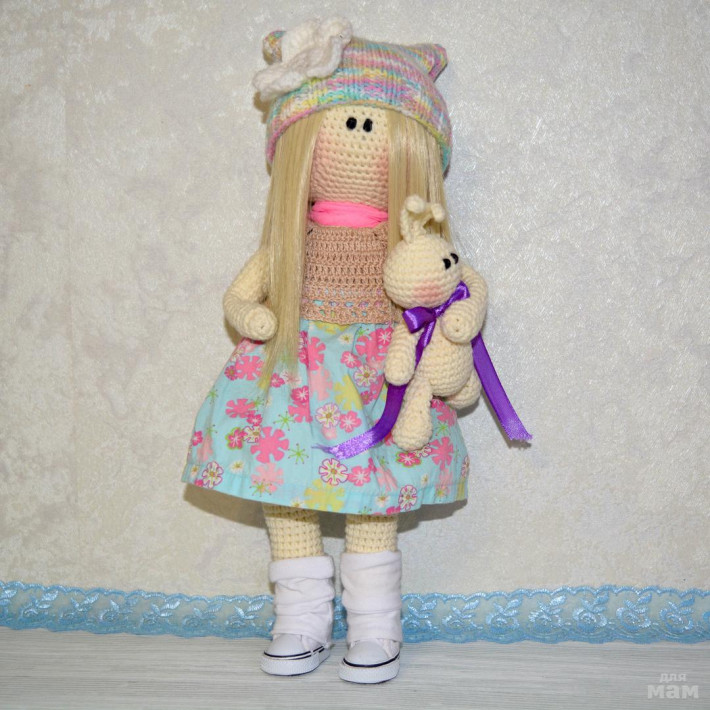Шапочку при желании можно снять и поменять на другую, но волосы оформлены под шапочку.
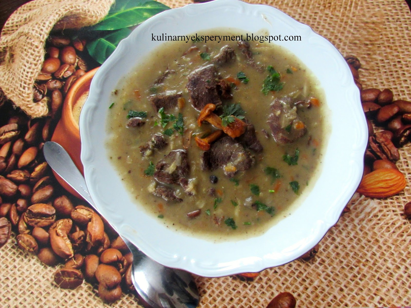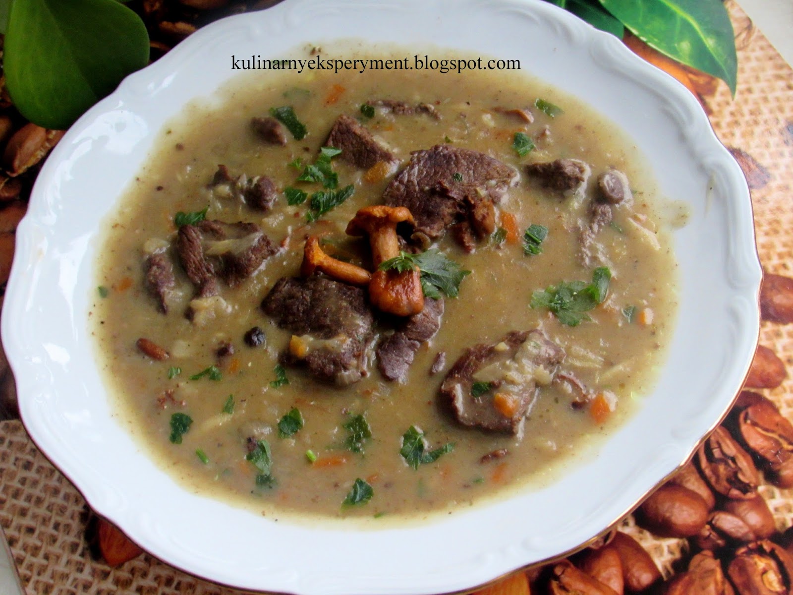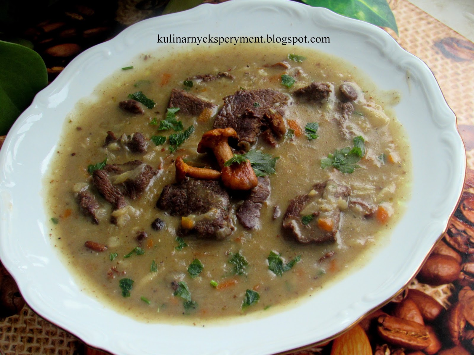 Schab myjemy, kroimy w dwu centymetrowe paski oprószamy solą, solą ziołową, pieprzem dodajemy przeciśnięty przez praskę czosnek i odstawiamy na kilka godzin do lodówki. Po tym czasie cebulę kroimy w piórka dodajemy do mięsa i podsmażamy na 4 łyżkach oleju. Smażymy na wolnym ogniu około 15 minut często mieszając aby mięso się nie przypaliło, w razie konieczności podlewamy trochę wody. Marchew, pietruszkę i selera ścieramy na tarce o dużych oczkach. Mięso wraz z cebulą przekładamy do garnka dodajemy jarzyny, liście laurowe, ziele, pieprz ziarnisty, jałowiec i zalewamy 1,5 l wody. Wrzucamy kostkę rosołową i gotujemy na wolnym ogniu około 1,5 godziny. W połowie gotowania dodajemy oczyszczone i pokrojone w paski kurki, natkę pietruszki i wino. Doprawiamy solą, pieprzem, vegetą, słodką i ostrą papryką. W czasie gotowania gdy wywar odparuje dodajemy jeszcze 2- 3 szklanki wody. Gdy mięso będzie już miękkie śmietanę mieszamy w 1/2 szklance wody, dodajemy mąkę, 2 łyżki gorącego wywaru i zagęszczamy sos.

=-=-=-=-=

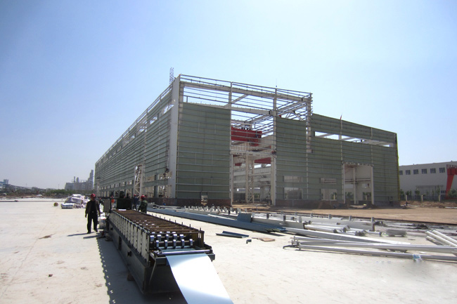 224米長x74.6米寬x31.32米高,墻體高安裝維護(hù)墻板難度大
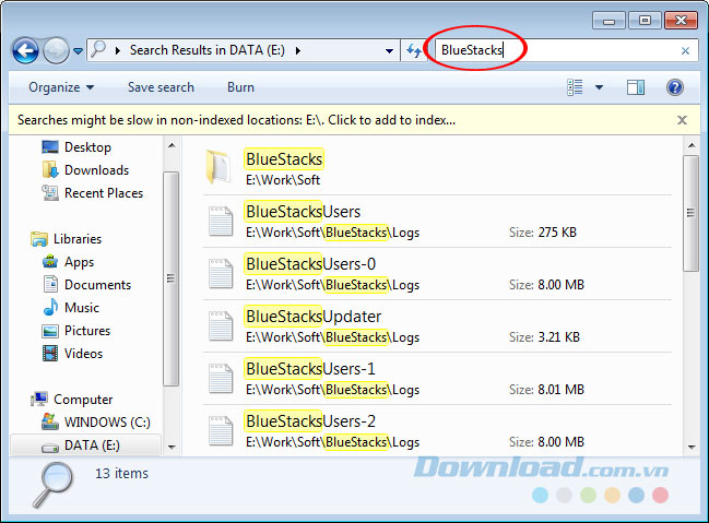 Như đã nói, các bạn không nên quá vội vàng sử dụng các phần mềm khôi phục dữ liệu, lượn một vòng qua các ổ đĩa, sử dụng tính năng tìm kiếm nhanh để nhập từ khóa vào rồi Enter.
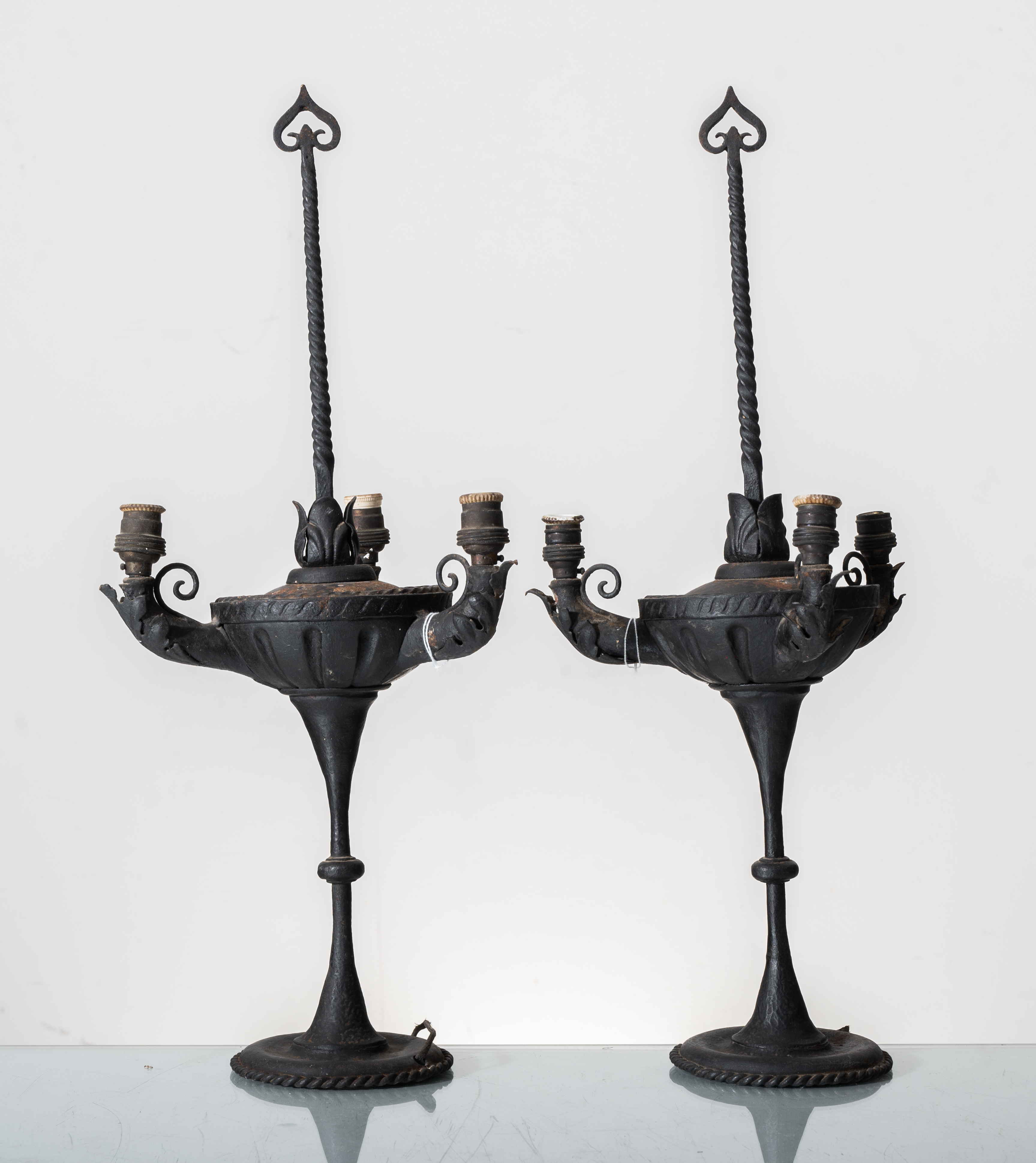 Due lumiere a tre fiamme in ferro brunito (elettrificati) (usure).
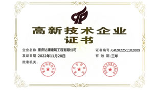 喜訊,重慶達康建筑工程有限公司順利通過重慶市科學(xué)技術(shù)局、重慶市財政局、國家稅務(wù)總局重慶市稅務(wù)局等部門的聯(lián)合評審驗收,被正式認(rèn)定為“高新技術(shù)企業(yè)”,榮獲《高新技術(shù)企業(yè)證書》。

=-=-=-=-=

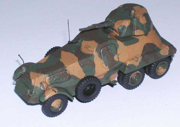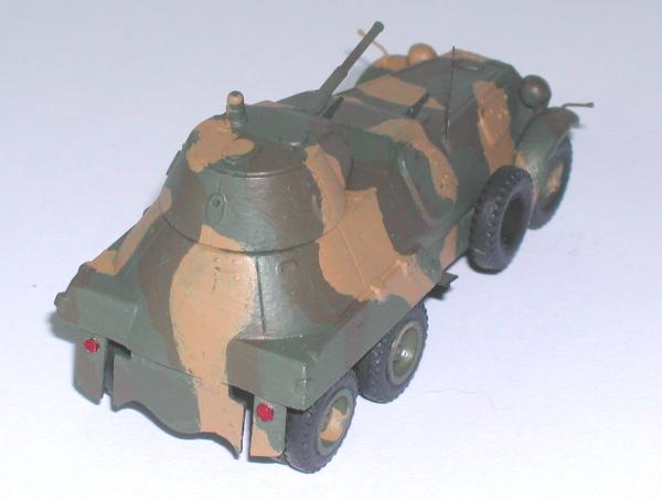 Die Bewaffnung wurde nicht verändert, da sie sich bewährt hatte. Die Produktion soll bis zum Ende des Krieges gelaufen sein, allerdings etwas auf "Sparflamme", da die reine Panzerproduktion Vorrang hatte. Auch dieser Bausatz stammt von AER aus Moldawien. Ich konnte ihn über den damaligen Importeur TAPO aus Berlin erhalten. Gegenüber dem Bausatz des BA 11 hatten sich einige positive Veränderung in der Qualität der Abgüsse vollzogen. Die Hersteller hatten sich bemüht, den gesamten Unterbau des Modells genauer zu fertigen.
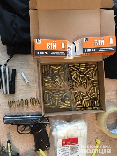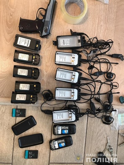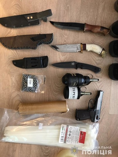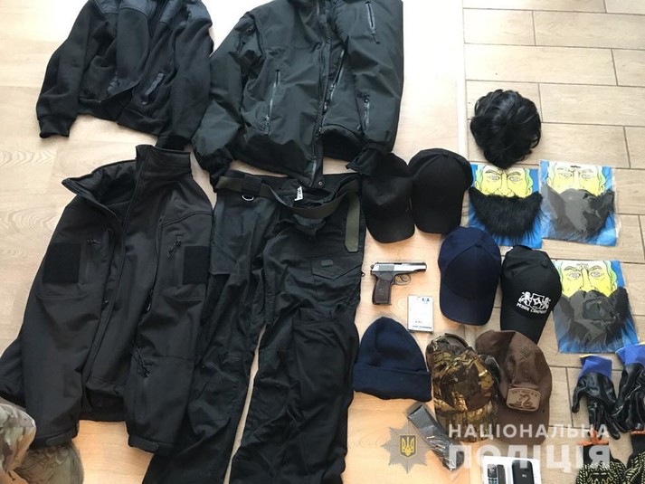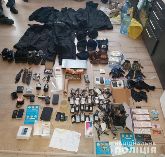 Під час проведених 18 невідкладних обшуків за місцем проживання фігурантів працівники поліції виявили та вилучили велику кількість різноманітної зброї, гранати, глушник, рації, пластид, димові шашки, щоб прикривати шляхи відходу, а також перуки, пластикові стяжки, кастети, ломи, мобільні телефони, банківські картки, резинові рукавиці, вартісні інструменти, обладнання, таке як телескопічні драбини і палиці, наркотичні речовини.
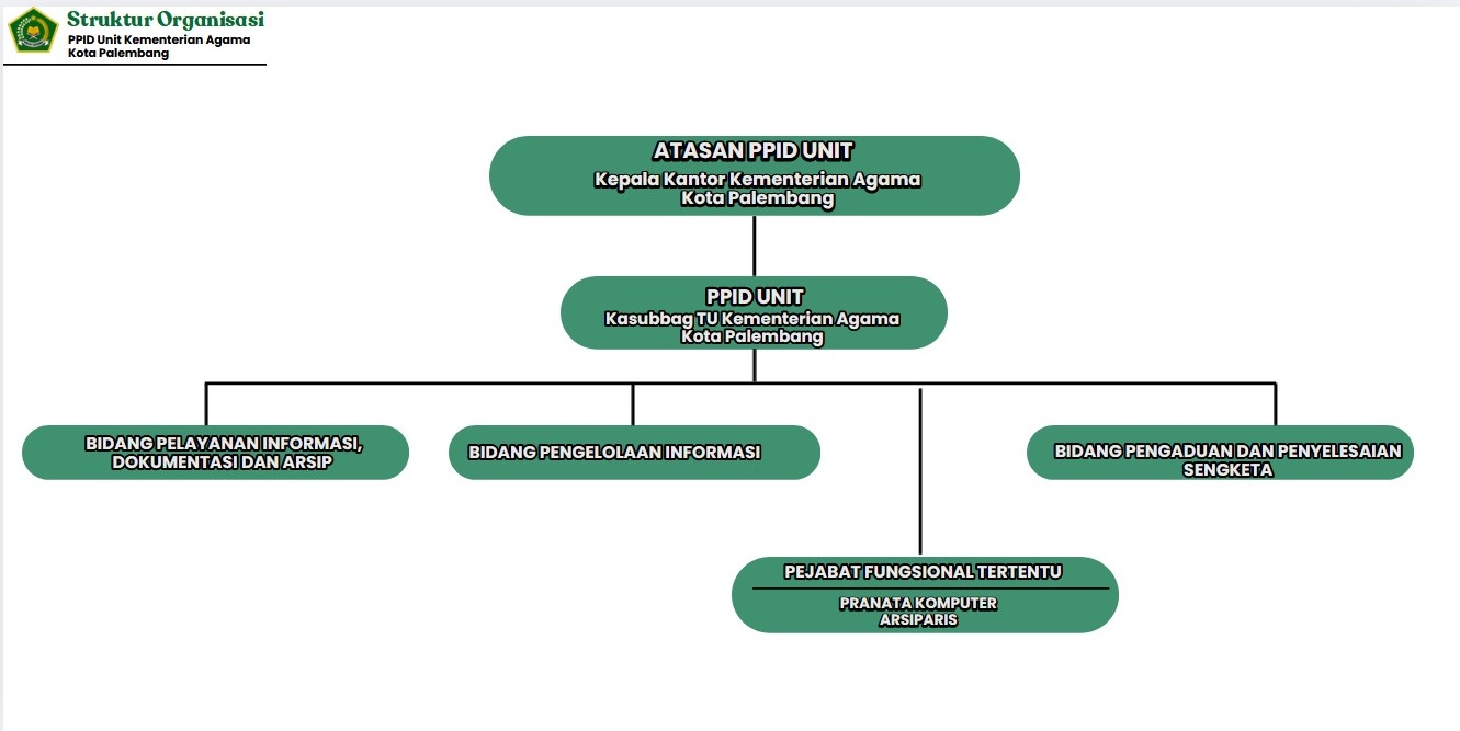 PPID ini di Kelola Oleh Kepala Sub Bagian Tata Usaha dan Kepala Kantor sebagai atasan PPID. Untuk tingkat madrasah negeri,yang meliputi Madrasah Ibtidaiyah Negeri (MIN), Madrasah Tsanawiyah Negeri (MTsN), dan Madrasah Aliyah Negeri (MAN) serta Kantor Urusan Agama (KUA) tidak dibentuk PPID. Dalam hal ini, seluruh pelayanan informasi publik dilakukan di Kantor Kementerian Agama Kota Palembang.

=-=-=-=-=

Going by the entries above, repeat exactly the lines that start at the line with "224米長x74.6米寬x31.32米高,墻體高安裝維護(hù)墻板難度大" and go on through the line with "喜訊,重慶達康建筑工程有限公". Pictures are not part of the copy.

 224米長x74.6米寬x31.32米高,墻體高安裝維護(hù)墻板難度大
 Như đã nói, các bạn không nên quá vội vàng sử dụng các phần mềm khôi phục dữ liệu, lượn một vòng qua các ổ đĩa, sử dụng tính năng tìm kiếm nhanh để nhập từ khóa vào rồi Enter.
 Due lumiere a tre fiamme in ferro brunito (elettrificati) (usure).
 喜訊,重慶達康建筑工程有限公司順利通過重慶市科學(xué)技術(shù)局、重慶市財政局、國家稅務(wù)總局重慶市稅務(wù)局等部門的聯(lián)合評審驗收,被正式認(rèn)定為“高新技術(shù)企業(yè)”,榮獲《高新技術(shù)企業(yè)證書》。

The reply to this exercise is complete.